There’s too much of never enough.
14 August 2024
Easy Photography
I came across a collection of photographs made with a scanning electron microscope. The images, “gold film displaying exotic physicochemical properties ... a cerebral snapshot of a synthetically grown brain organoid ... an array of nanocellulose crystals ... dendrite generated on a zinc surface,” were great. Of course they were. Whether it’s a closeup of stem cells or a photograph of distant nebulae, any image of something invisible to the naked eye is quite likely to be visually interesting.
That’s why I doubt that I’ll ever make a photograph with a microscope, a long telescope, or even a drone: that’s just too easy, even for someone as slothful as me.
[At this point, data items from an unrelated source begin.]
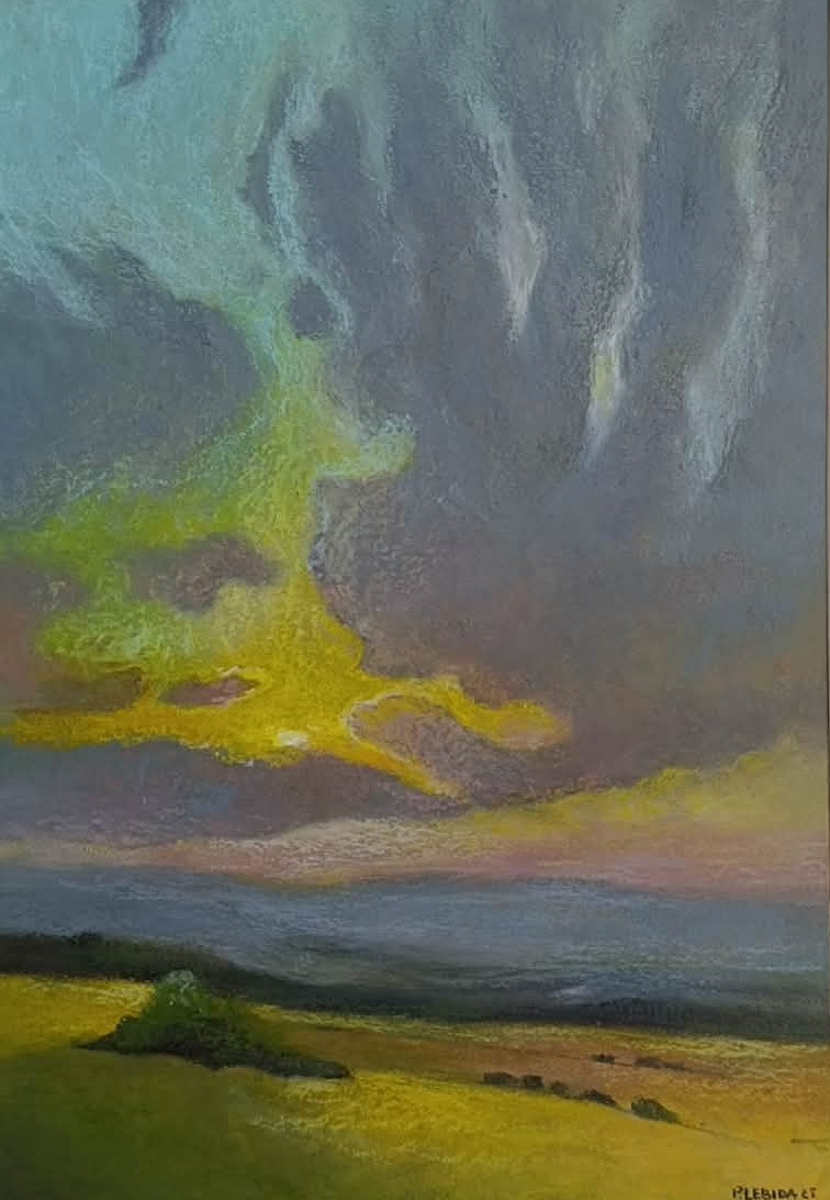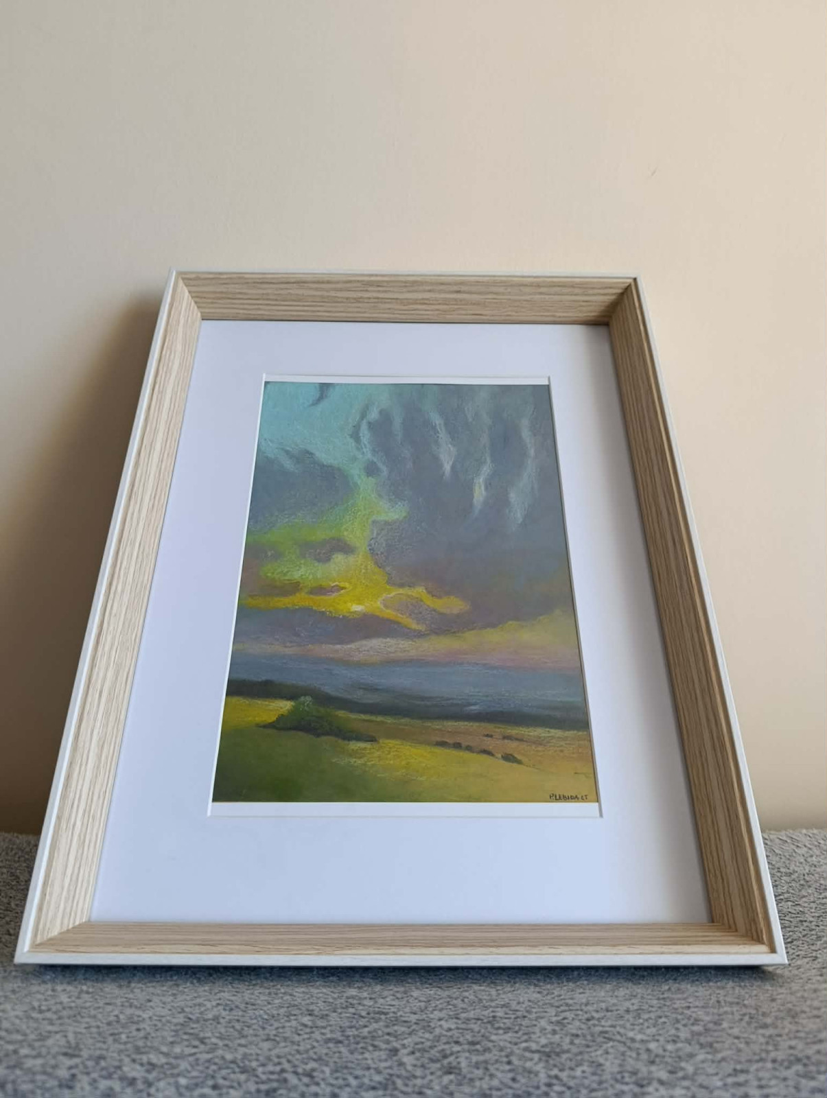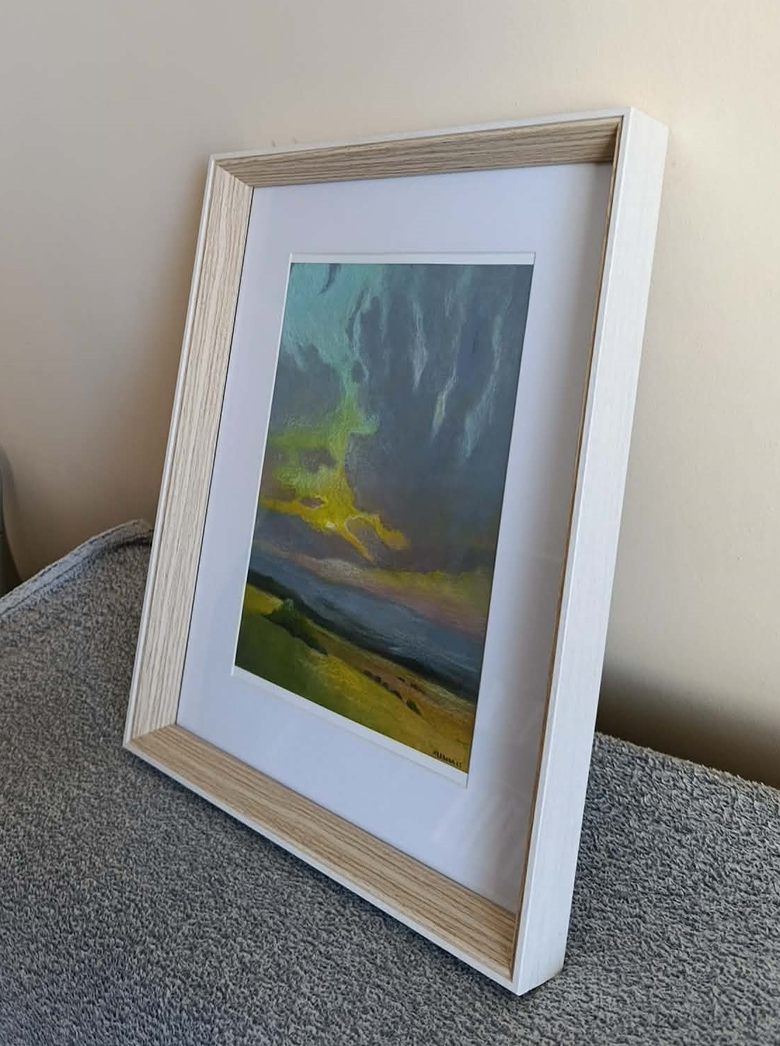 Pejzaż -rysunek pastelami olejnymi w ramie
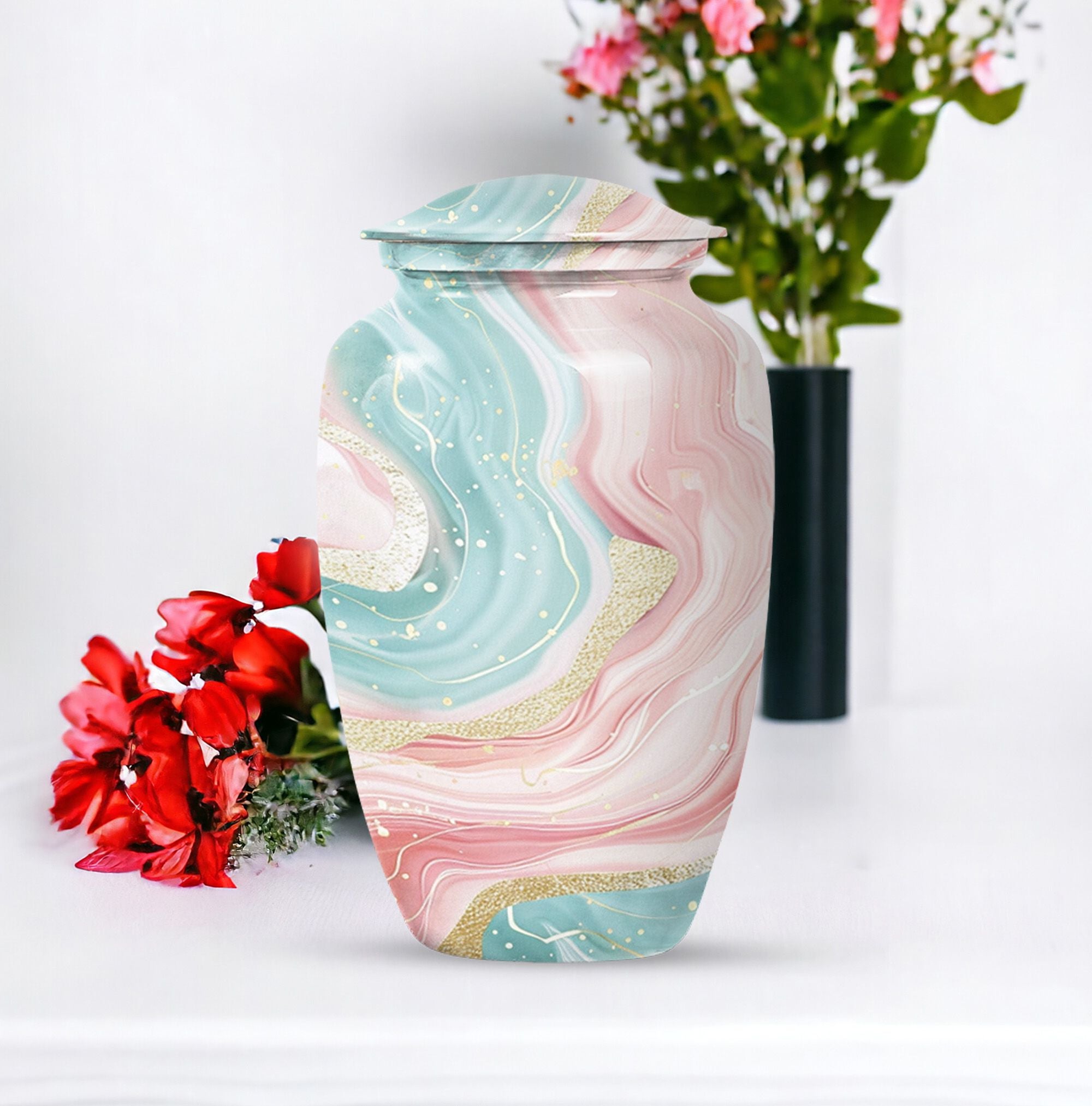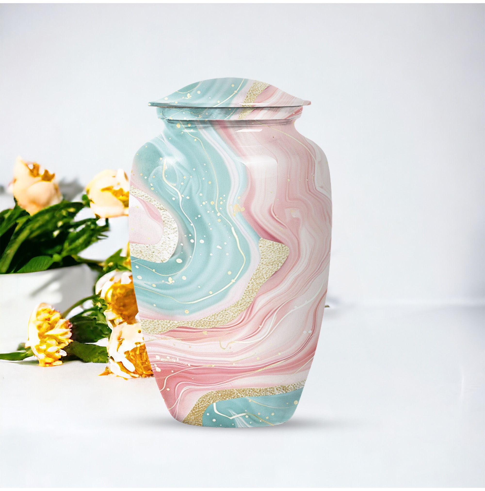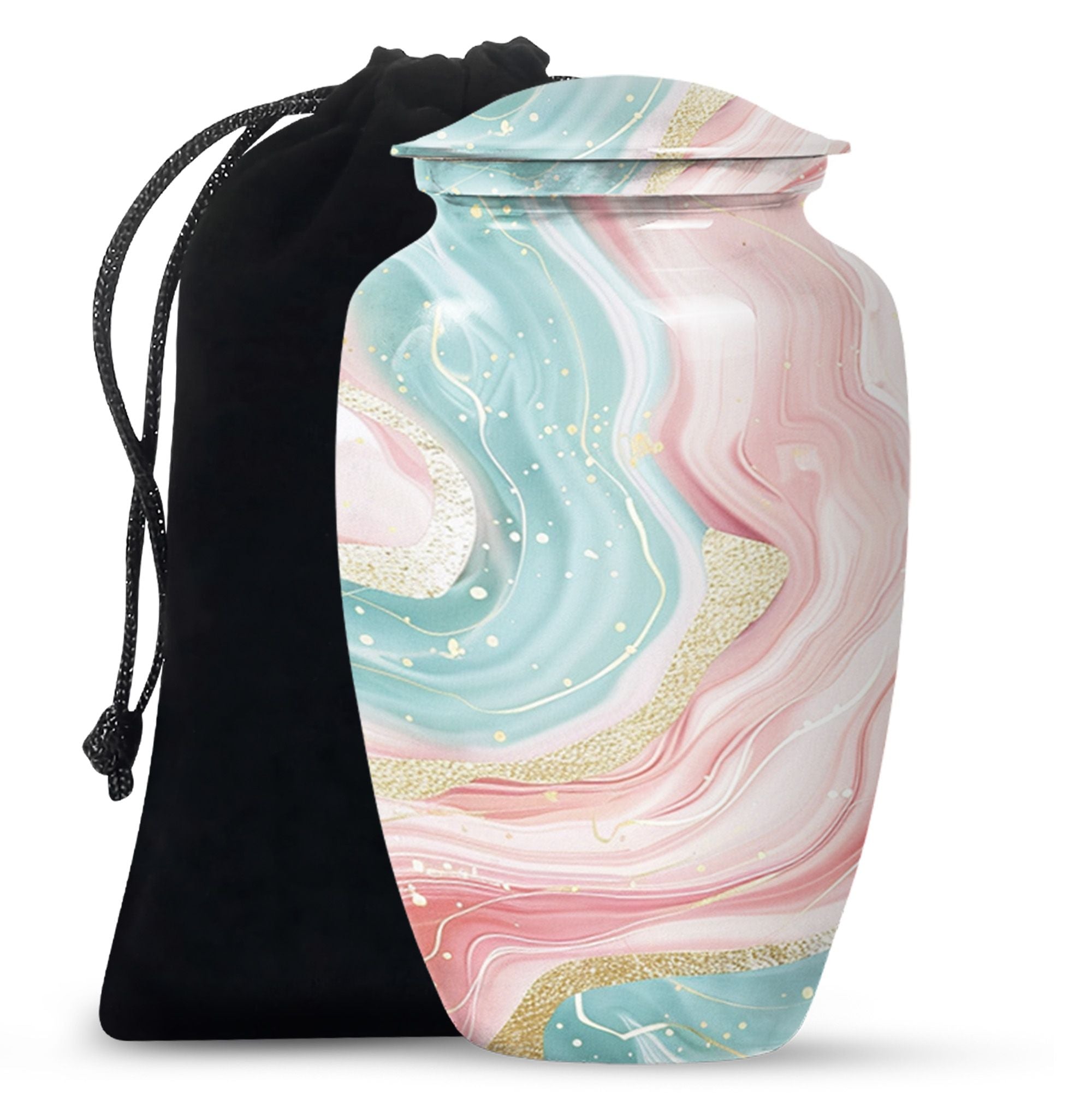Our abstract urn, a magnificent piece of craftsmanship, stands 10 inches high and is apt for use as both cremation urns and memorial urns. The elegant classic urn design, produced from high-quality aluminium, imparts an ethereal yet tangible reminder of your loved one's unique journey. With a capacity of 200 cubic inches, it has grace enough to hold all the memories and significance of a loved life. Genuine to the weight of its purpose, this urn weighs 3.3 pounds, giving it a comforting presence. You experience an added layer of solace with the personalization option, where you can engrave inheritable names. Importantly, we've considered your requirements in detail, for instance, the package comes with a velvet pouch, specifically created for the containment of ashes. Pay a heartfelt tribute to your loved ones with our large urn, radiating the iridescent allure of metal. This product paves a refined path towards remembering and memorializing. Uncommon keywords to consider include 'abstract urn', 'large urn iridescent metal' but refrain from using 'urn for funeral' or 'burial urns for men'.
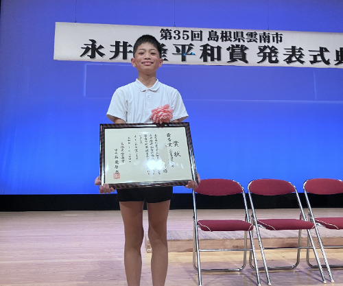本校児童が出品していた平和作文が、全国から応募された371もの作品のうちから、何と「優秀賞(第2席)」に選ばれました!
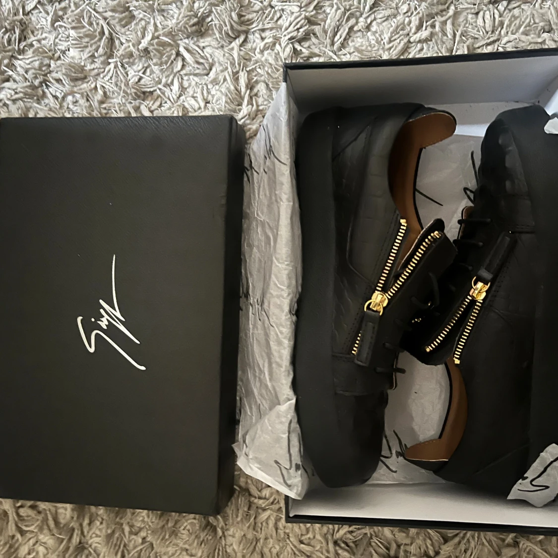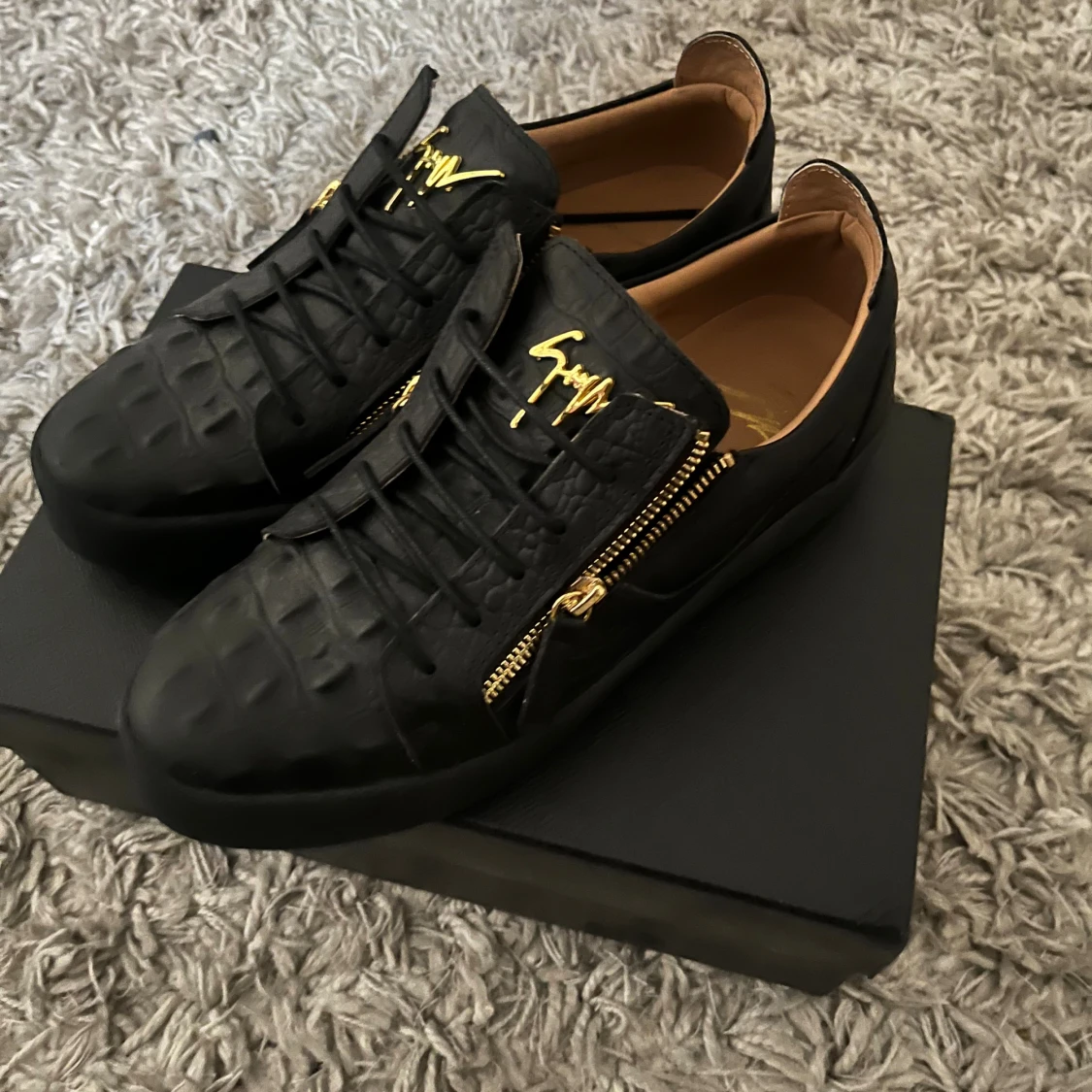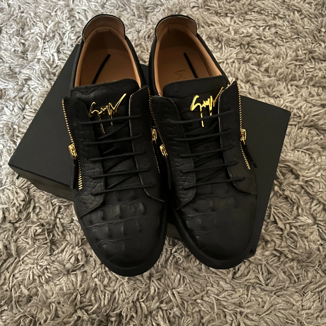 Exklusiva svarta sneakers från Giuseppe Zanotti med croco-mönstrad skinnstruktur, guldfärgade dragkedjor och logga på plösen. Skorna har snörning, rund tå och platt sula. Lyxig känsla med snygga detaljer som sticker ut.
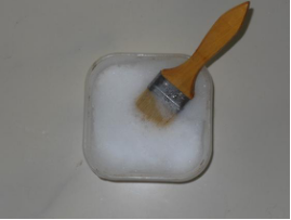 ①将少许洗洁精水放入容器中并加入少量冷水混合,用刷子将其搅拌成泡沫状,如图10-8所示。
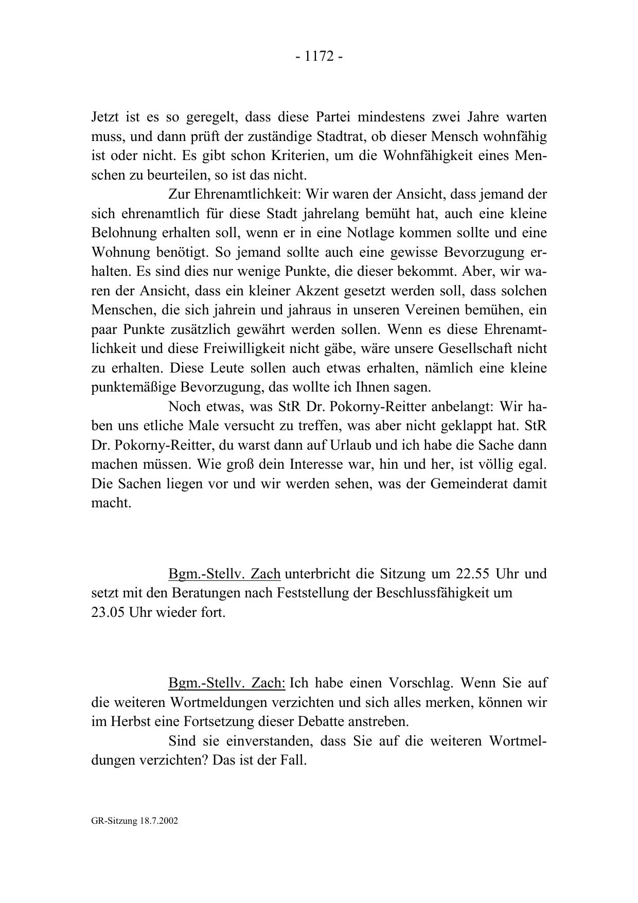 Bgm.-Stellv. Zach unterbricht die Sitzung um 22.55 Uhr und
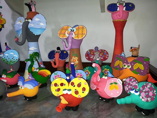 Tag: elefanti, colori, orecchie, pupazzi, multicolore, giocattoli, proboscidi, tavolo, giallo, rosso, elefante, occhi.
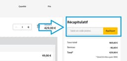 - Dans le panier, repérez le champ "Saisir un code promo ?". Puis, entrez votre code promotionnel Whirlpool dans ce champ et cliquez sur "Appliquer" pour que la réduction soit appliquée.
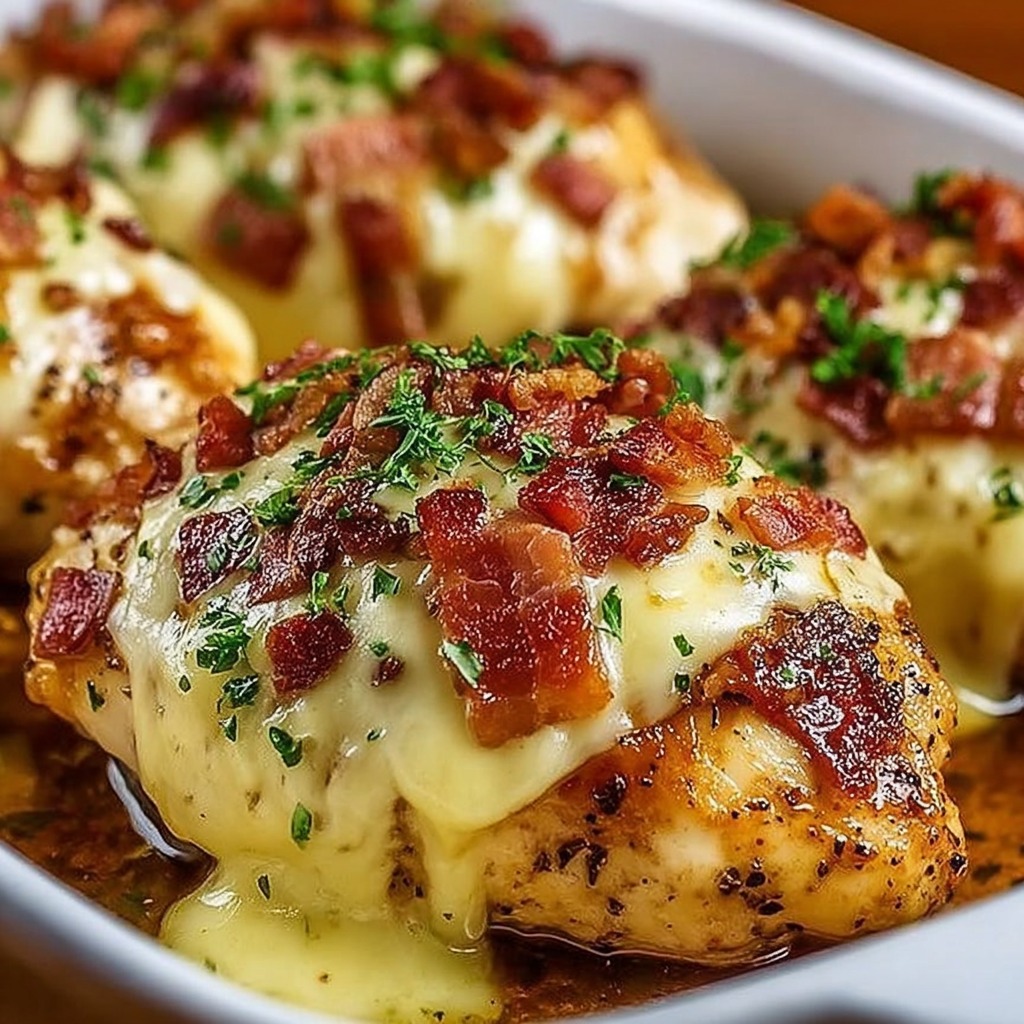 Au moment de servir, on peut disposer chaque poitrine de poulet sur une assiette, accompagnée d’un peu de sauce et d’un légume coloré. Le contraste entre le fromage fondu et doré, le bacon croustillant et la chair blanche du poulet crée un visuel très appétissant. Pour une présentation plus raffinée, on peut couper le poulet en tranches et le présenter en éventail, nappé de sauce.

I’ll continue to make images of what almost anyone could have seen or imagined, but didn’t.
15 August 2024
Home Invasion!
You may have heard stories about brazen break-ins in the wild Oakland hills. I’m sorry to report that they’re all true.
It’s an atypically hot tonight, so I left my bedroom door open. Big mistake: a masked miscreant tried to rob me. I panicked when I stared into the gnawing jaws of death so I threw an empty little box at him as a deterrent. It didn’t work: he came in to sniff it and see if I was sharing food. I finally drove him away by fiddling with my camera. The vicious killer got bored waiting for me to make a nice portrait then wandered off.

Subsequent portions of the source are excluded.